Oh, great. Okay. Again, important to see a myeloma specialist to tease out all this information. Thank you. All right. This patient is asking, “I’m 81 and living with comorbidities. The myeloma was diagnosed after bone marrow test. How is treatment fitness determined?” And also a question about that is if you’re given an ECOG status of something you don’t like it, can that be improved after you’ve had treatment?

Dr. Sikander Ailawadhi:

Absolutely.

Lisa Hatfield:

Maybe be eligible for a trial or something.

Dr. Sikander Ailawadhi:

Correct. Correct. That is so important. When this patient mentioned that they’re 81-year-old and they’re living with comorbidities, I think, so when I’m talking to a patient who’s new to me, it’s very important for me to try to tease out what was their performance status or their fitness status prior to myeloma. Because my goal is to try to get them as close to that as possible.

Now if this patient is saying that they were already quite frail before the diagnosis of myeloma and myeloma is added to the frailty, then it becomes a little tricky because we’re starting in a difficult spot. We do determine fitness by asking questions, simple questions like, what can a patient do at baseline?
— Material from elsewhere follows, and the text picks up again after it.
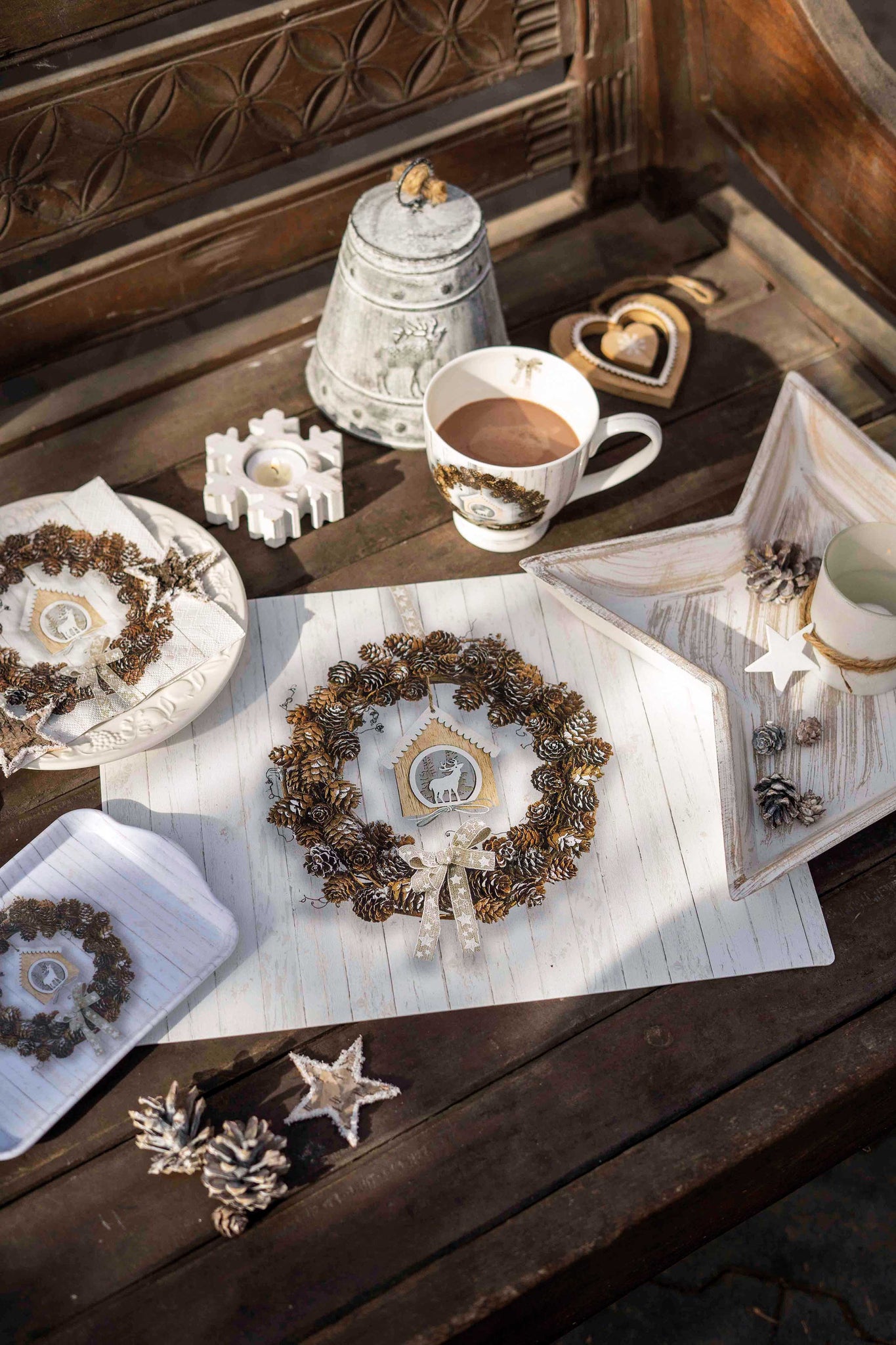 This decorated Ambiente serving tray is a beautiful addition to your daily coffee and team breaks. The shape of the tray is simple and strong with slightly raised edges. The high quality melamine doesn't just give it a luxurious look, but also makes it sturdy.

Can they do grocery store or grocery shopping by themselves? Can they walk around the block? Do they get short of breath? Et cetera.

And frankly, there are 81-year-olds who are playing golf every day and are fitter than me. So I’m just saying that age by itself is not the criteria. And, Lisa, like you rightly mentioned, if there are fitness issues coming from the disease itself, then that’s the time that we actually have to work with the treatment, get the treatment started, and then assess the fitness a couple of months later, a couple of cycles later. Because the treatment may have worked and may have improved the fitness quite a bit.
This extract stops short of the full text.